Records supplied:
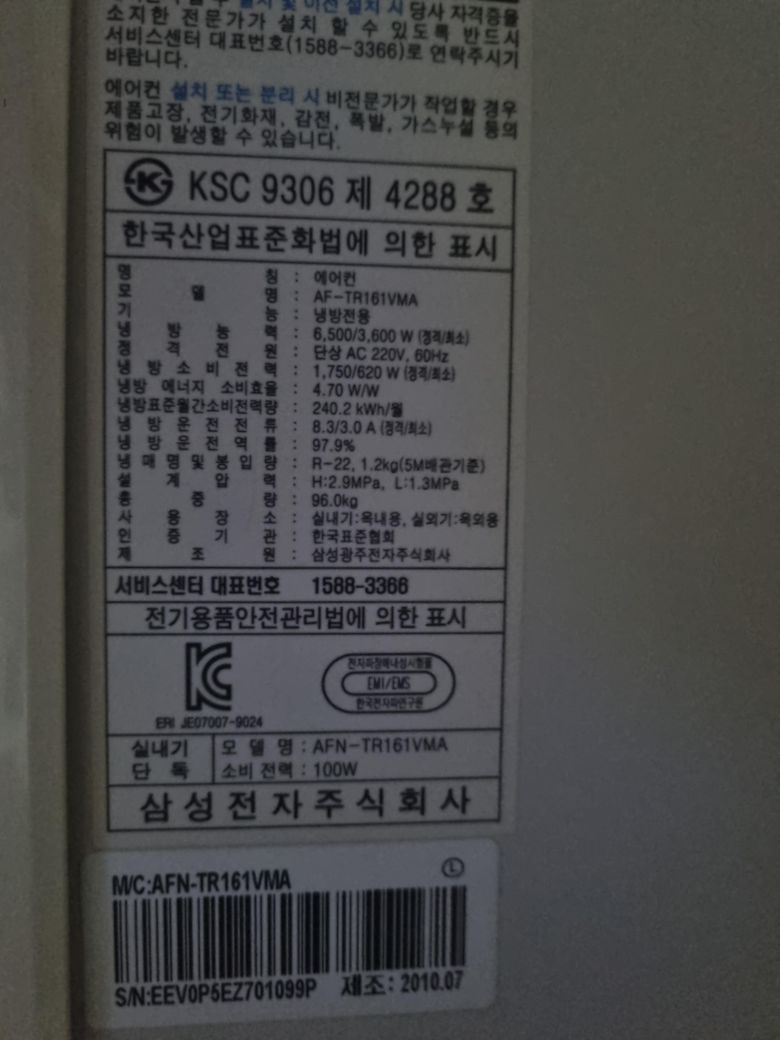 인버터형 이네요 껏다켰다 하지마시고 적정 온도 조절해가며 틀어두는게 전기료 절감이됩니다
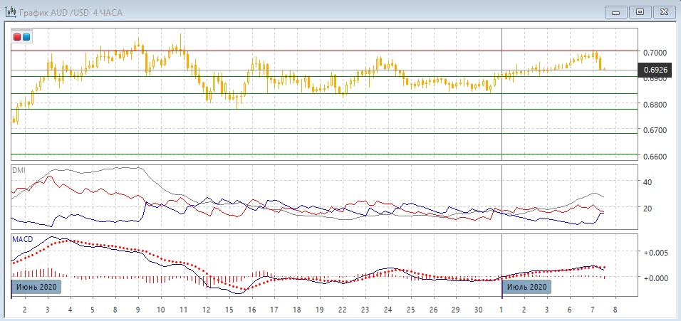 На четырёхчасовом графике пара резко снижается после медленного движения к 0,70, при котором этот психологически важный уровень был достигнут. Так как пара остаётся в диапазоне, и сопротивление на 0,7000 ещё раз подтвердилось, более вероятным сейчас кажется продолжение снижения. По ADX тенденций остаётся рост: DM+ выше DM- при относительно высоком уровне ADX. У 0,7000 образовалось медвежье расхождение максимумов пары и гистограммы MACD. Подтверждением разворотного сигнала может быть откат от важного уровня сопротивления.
* * *
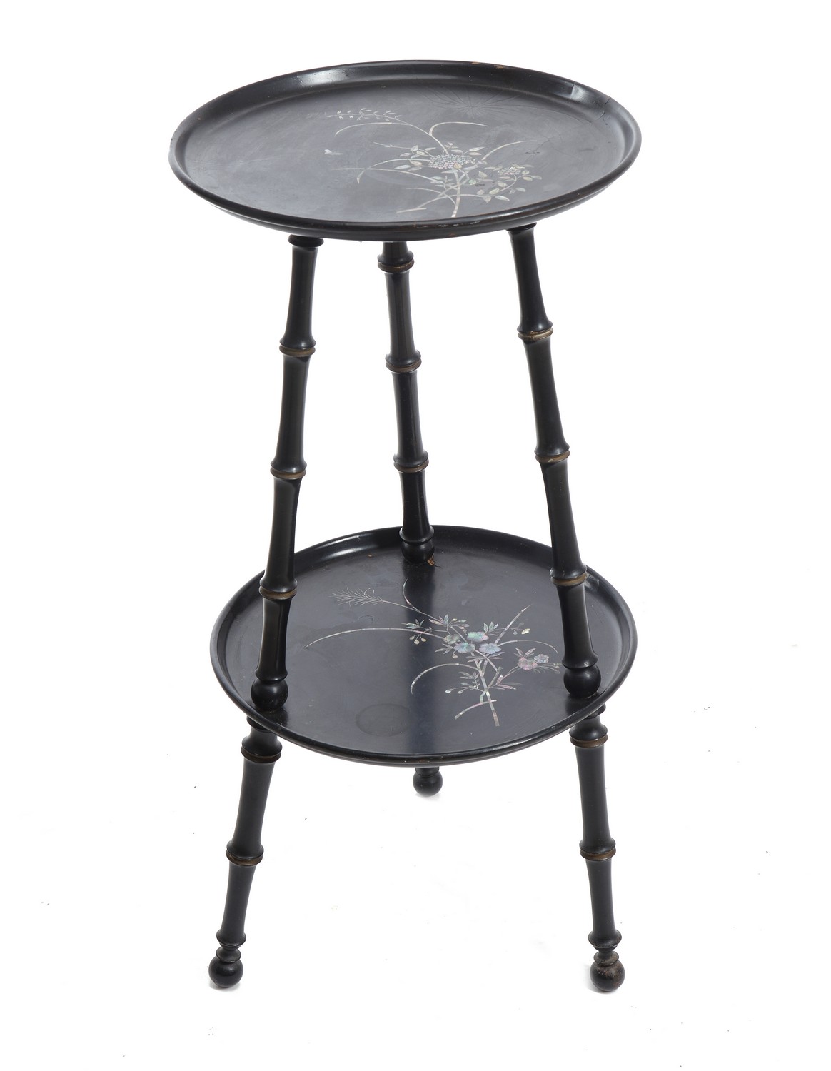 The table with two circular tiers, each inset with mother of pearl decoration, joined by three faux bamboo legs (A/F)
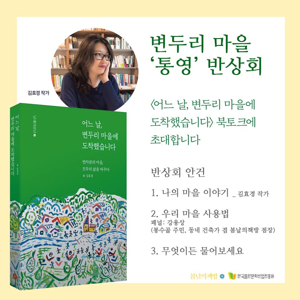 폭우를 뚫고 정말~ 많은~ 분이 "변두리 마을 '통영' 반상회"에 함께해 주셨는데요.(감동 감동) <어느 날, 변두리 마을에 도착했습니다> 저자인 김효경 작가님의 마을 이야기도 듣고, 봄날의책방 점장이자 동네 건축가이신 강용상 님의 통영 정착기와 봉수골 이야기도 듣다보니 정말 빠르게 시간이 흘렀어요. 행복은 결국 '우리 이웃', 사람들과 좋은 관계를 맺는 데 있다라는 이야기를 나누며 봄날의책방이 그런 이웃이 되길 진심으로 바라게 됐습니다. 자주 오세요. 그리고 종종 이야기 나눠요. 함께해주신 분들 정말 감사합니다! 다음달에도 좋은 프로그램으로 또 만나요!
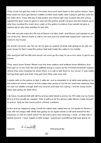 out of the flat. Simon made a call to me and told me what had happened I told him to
---
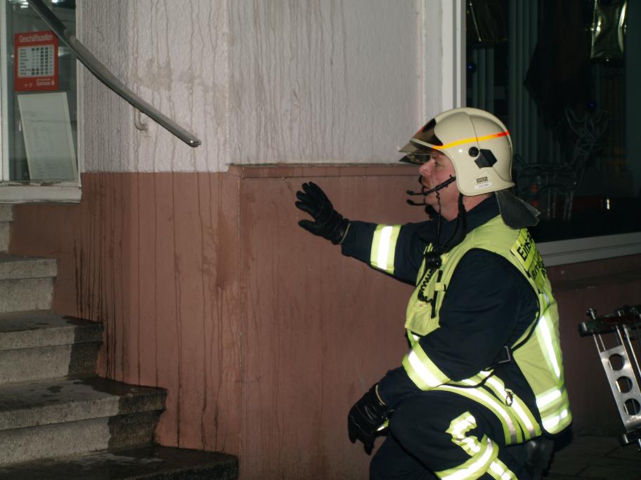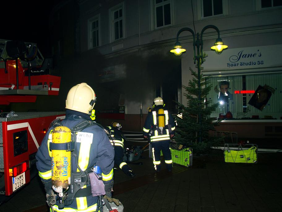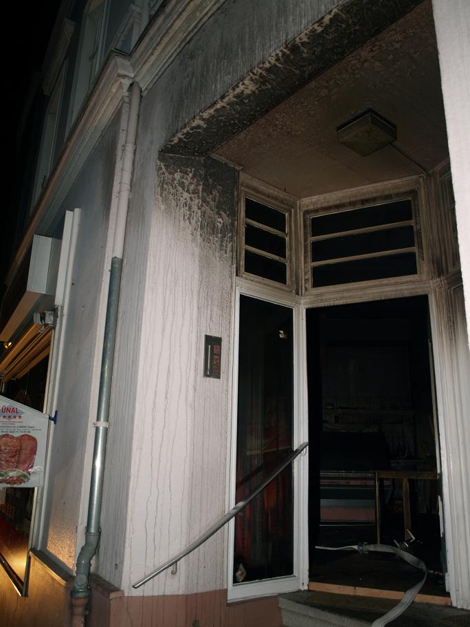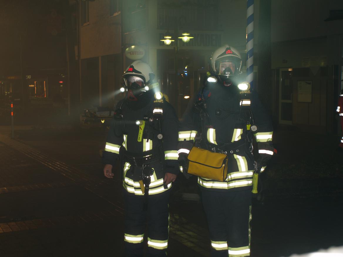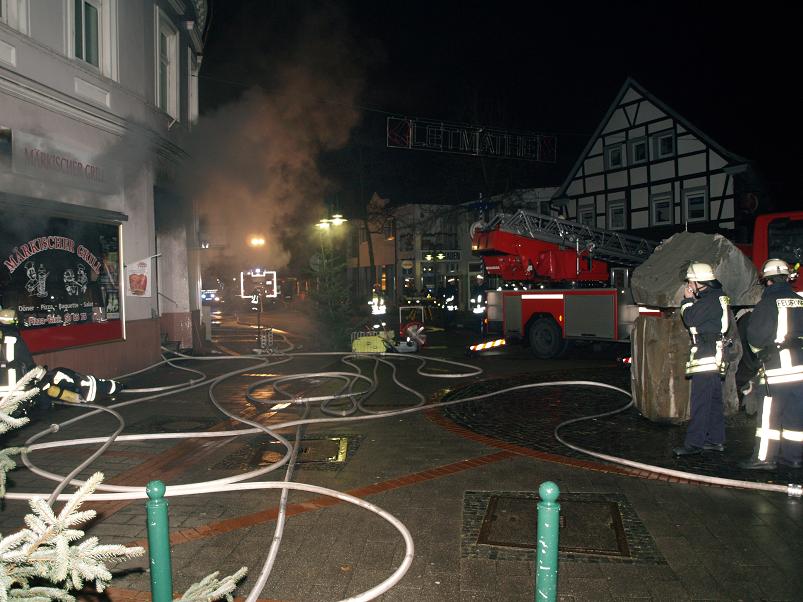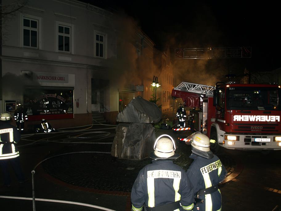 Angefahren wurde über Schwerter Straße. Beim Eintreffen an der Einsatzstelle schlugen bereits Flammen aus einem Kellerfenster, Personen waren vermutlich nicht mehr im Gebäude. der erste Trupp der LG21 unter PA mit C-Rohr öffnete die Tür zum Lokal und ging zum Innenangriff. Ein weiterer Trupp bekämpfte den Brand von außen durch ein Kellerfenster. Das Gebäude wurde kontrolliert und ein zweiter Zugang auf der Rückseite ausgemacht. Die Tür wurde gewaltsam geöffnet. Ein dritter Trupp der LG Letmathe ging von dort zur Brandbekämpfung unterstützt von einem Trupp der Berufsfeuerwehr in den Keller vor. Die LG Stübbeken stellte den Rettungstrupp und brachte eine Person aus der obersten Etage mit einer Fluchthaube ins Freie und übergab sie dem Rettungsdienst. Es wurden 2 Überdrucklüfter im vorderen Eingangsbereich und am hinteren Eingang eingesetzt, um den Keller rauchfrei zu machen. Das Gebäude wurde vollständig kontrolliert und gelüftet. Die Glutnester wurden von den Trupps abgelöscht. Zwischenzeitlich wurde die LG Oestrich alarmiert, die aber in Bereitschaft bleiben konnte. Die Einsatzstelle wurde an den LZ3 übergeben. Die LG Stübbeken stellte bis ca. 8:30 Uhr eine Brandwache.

What this task involves:
Copy word for word the lines above, starting at the line containing "The table with" and ending at the line containing "out of the flat.", inclusive, with no pictures.

Result of the exercise:
 The table with two circular tiers, each inset with mother of pearl decoration, joined by three faux bamboo legs (A/F)
 폭우를 뚫고 정말~ 많은~ 분이 "변두리 마을 '통영' 반상회"에 함께해 주셨는데요.(감동 감동) <어느 날, 변두리 마을에 도착했습니다> 저자인 김효경 작가님의 마을 이야기도 듣고, 봄날의책방 점장이자 동네 건축가이신 강용상 님의 통영 정착기와 봉수골 이야기도 듣다보니 정말 빠르게 시간이 흘렀어요. 행복은 결국 '우리 이웃', 사람들과 좋은 관계를 맺는 데 있다라는 이야기를 나누며 봄날의책방이 그런 이웃이 되길 진심으로 바라게 됐습니다. 자주 오세요. 그리고 종종 이야기 나눠요. 함께해주신 분들 정말 감사합니다! 다음달에도 좋은 프로그램으로 또 만나요!
 out of the flat. Simon made a call to me and told me what had happened I told him to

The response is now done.